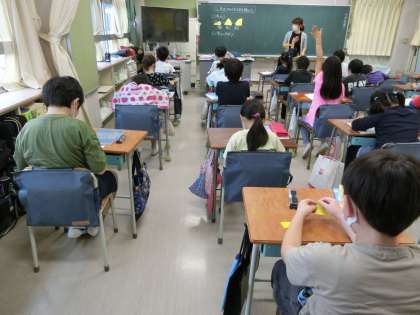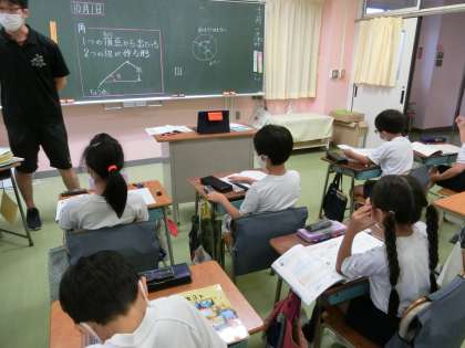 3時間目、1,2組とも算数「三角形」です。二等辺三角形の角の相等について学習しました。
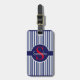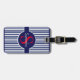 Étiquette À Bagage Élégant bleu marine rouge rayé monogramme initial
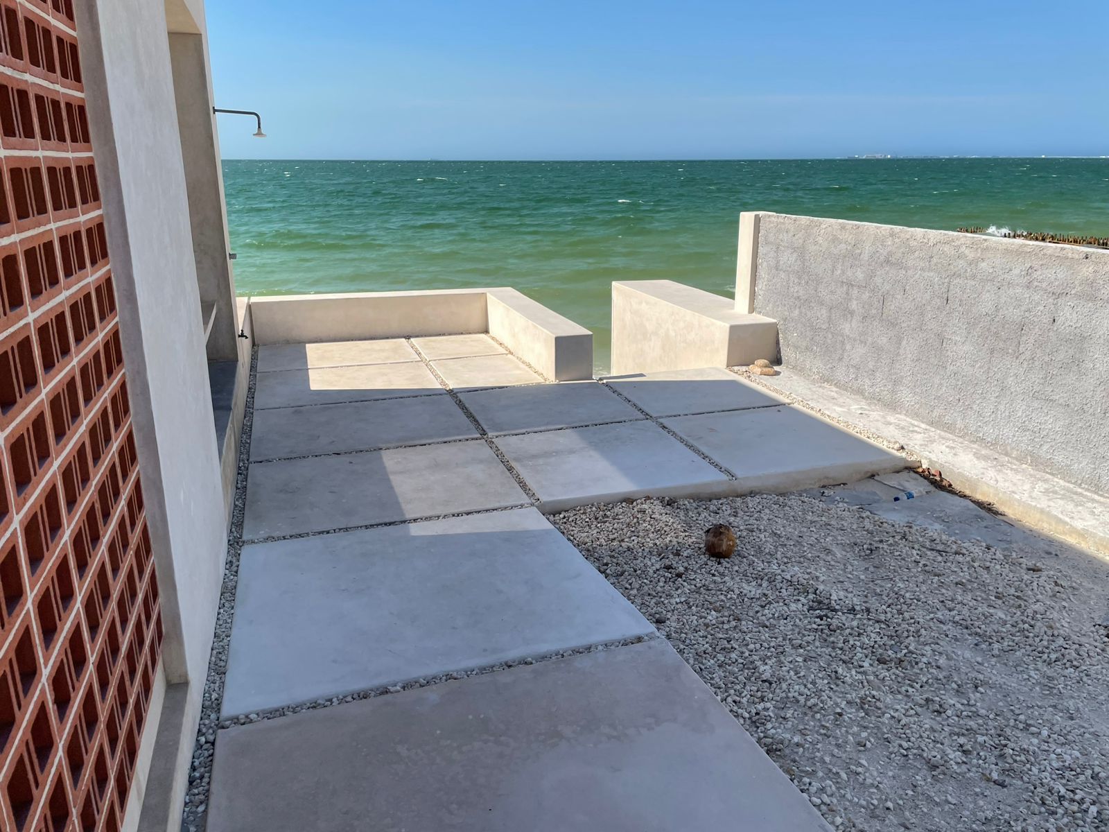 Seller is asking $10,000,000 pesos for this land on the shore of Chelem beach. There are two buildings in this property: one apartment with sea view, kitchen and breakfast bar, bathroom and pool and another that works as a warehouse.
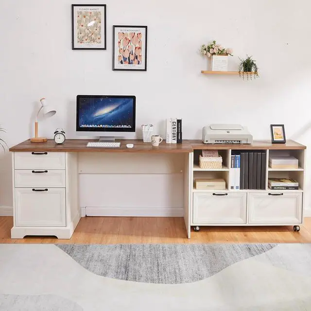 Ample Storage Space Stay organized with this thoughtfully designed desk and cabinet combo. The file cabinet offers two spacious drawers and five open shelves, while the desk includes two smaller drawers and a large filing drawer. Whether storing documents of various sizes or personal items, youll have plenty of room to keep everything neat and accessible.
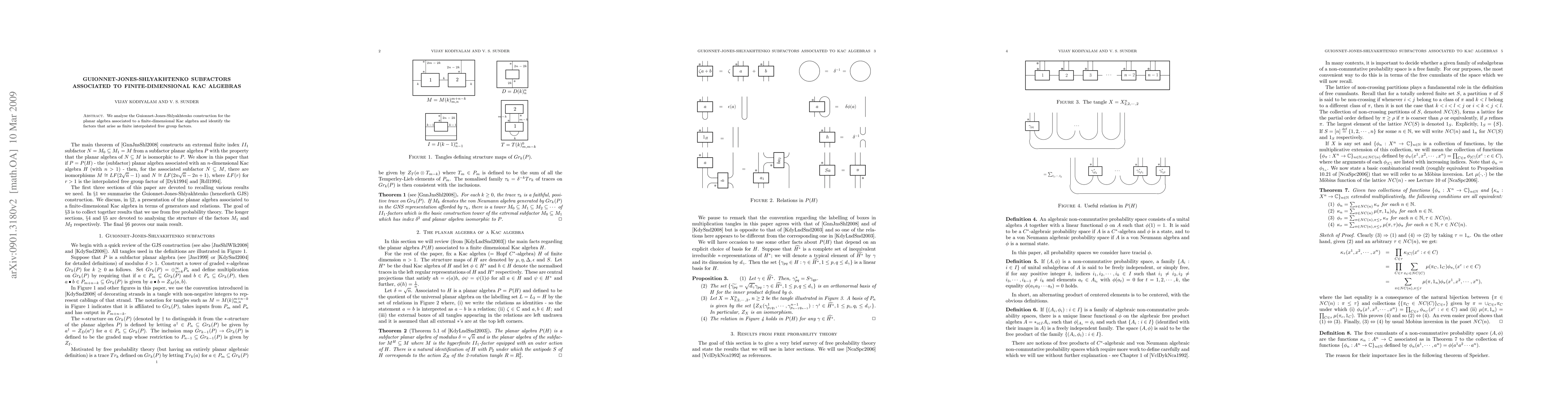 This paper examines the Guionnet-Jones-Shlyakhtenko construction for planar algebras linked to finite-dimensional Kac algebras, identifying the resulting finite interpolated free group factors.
● ● ● ●
#### What you will do
Omit every picture while printing the data word for word.

#### Result for this task
 3時間目、1,2組とも算数「三角形」です。二等辺三角形の角の相等について学習しました。
 Étiquette À Bagage Élégant bleu marine rouge rayé monogramme initial
 Seller is asking $10,000,000 pesos for this land on the shore of Chelem beach. There are two buildings in this property: one apartment with sea view, kitchen and breakfast bar, bathroom and pool and another that works as a warehouse.
 Ample Storage Space Stay organized with this thoughtfully designed desk and cabinet combo. The file cabinet offers two spacious drawers and five open shelves, while the desk includes two smaller drawers and a large filing drawer. Whether storing documents of various sizes or personal items, youll have plenty of room to keep everything neat and accessible.
 This paper examines the Guionnet-Jones-Shlyakhtenko construction for planar algebras linked to finite-dimensional Kac algebras, identifying the resulting finite interpolated free group factors.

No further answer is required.